Разрушенный мост остался позади. Пару раз Бетти оглядывался, провожая родной мир. По ощущениям замок немного напоминал Чарингхолл, но Бетельгейз никогда не чувствовал той легкости и беззаботности, которая поразила его в коридоре Ожерелья. Он буквально летел по туманным плитам. Каждый дверной проем, каждая арка оказывались смутно знакомыми и напоминали о родном измерении. Он чувствовал единение с замком. Стены, уходящие в невидимый потолок, прозрачные купола в переходах, за которыми пряталась темнота, вырезанные сцены прошлого на колоннах… Ему хотелось бы остановиться и вдохнуть суть Ожерелья поглубже, но Майриор шел быстро и твердо. Пребывание в белом коридоре доставляло ему ощутимый дискомфорт.
– Ты бывал здесь раньше?
Значило ли отсутствие воспоминания несуществование события? «Нет», – решил ответить Бетельгейз, прогоняя чувство дежавю, и покачал головой. Признав важность этого чувства, он бы смирился со всеми моментами, приходившими ранее, от клинка, ударившего в спину, до страха перед мечом дяди Альбиуса.

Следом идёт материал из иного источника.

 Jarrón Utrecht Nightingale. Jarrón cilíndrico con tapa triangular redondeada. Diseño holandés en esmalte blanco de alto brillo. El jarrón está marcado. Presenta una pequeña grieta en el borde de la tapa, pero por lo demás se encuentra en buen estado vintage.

– Ожерелье – это междумирье, пространство, где пересекаются все измерения. Оно приняло форму замка с бесчисленными залами. Каждый бог обладает залами. Мы представляем свои измерения в неком образе. Мой образ – шар, зависший над столом у величественного древа миров моего отца.
– Как его зовут?
Бетельгейз не знал, что у него есть дедушка. Мама никогда не говорила о нем.
– Трид, – коротко ответил отец. – Пойдем быстрее. Переменчивый мир беснуется. Смотри, – Майриор поднял правую руку. Одно из колец безумно вертелось, обжигая палец. Однако отец не придавал значения боли, которая очевидно присутствовала.

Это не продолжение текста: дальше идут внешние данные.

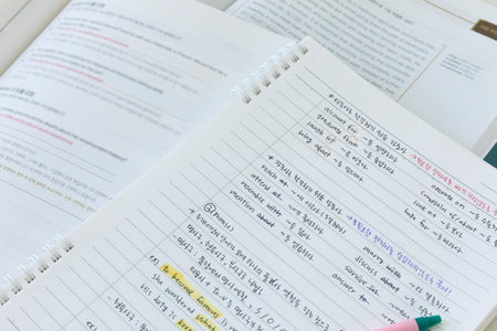 studying at home, study desk setup_handwriting notes and open workbooks
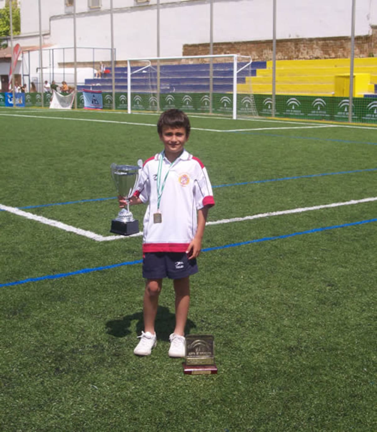 Se llama Pedro, es un mediocentro y tiene 11 años. Nos envía su foto con el trofeo obtenido en 2007 jugando para el Oriente (en Almería) donde obtuvo el tercer puesto del Campeonato de Andalucía de Benjamines
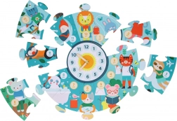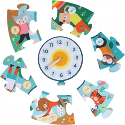 Na sredini sestavljanke je velik številčnik z nastavljivimi kazalci. Otroci na zabaven način vadijo določanje ur in minut ter povezujejo igro s praktičnim učenjem.
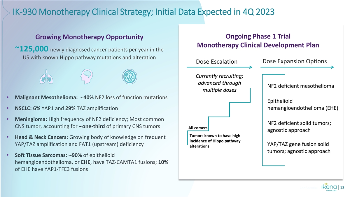 TEAD1 and VGLL4 are Highly Expressed in IK-930’s Initial Target Indications TEAD1 is the Most Highly Expressed Paralog Mesothelioma and EHE Have High Expression of VGLL4 in Mesothelioma and EHE TEAD1 TEAD2 TEAD3 TEAD4 Confidential 12 12 TEAD Paralog TPM VGLL4 TPM
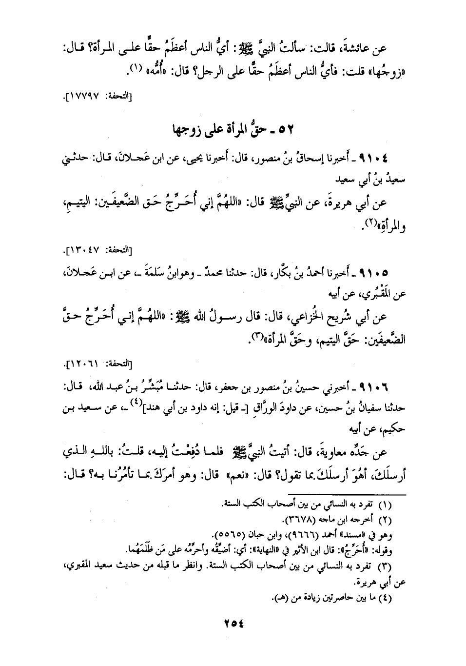 9105 - أَخْبَرَنَا أَحْمَدُ بْنُ بَكَّارٍ قَالَ: حَدَّثَنَا مُحَمَّدٌ وَهُوَ ابْنُ سَلَمَةَ، عَنِ ابْنِ عَجْلَانَ، عَنِ الْمَقْبُرِيِّ، عَنْ أَبِيهِ، عَنْ أَبِي شُرَيْحٍ الْخُزَاعِيِّ قَالَ: قَالَ رَسُولُ اللهِ صَلَّى اللهُ عَلَيْهِ وَسَلَّمَ: «§اللهُمَّ إِنِّي أُحَرِّجُ حَقَّ الضَّعِيفَيْنِ حَقَّ الْيَتِيمِ وَحَقَّ الْمَرْأَةِ»

– Такой странный мир, – заметил Бетельгейз, смотря на узкую полосу беспокойного вещества. – В нем нет постоянства. Он противоположен Чарингхоллу.
– Да, – согласился отец. – Полагаю, он создавался как противоположность. Я пытаюсь соединить их, найти золотую середину. Эклектику. Воля случая, подходящая общей тенденции. По-моему, это интересно. Как считаешь?
Вопрос был задан с явной надеждой.
– Любопытно звучит, – тщательно подбирая слова, ответил Бетти. Не хотелось развеивать призрак взаимопонимания. – Я бы оценил идею по достоинству, если бы знал, как создаются миры хотя бы в общих чертах. Уверен, это очень сложно.
Лестью, сказанной от чистого сердца, он заставил Майриора улыбнуться (лицо отца чудесным образом преобразилось) и начать говорить. Тема явно доставляла ему наслаждение. Как и дядя Альбиус, отец любил рассуждать и объяснять, тем самым «кормя» свою гордость. Гордость возникает от неуверенности.
– Каждое измерение в Ожерелье основано на какой-то идее. Она определяет принципы, основы существования. Где-то в качестве идеи берется стабильность, где-то – изменчивость, естественный отбор или банальное воспроизводство материала. Идея находится в голове у создателя. Грубо говоря, весь мир находится у нас в голове, мы становимся лишь проекциями, если того пожелаем. Обдумав концепцию творения, мы придаем ему форму: сфера, дерево, хрустальные колонны или беспокойная жидкость, не имеющая определенных границ. Как здесь.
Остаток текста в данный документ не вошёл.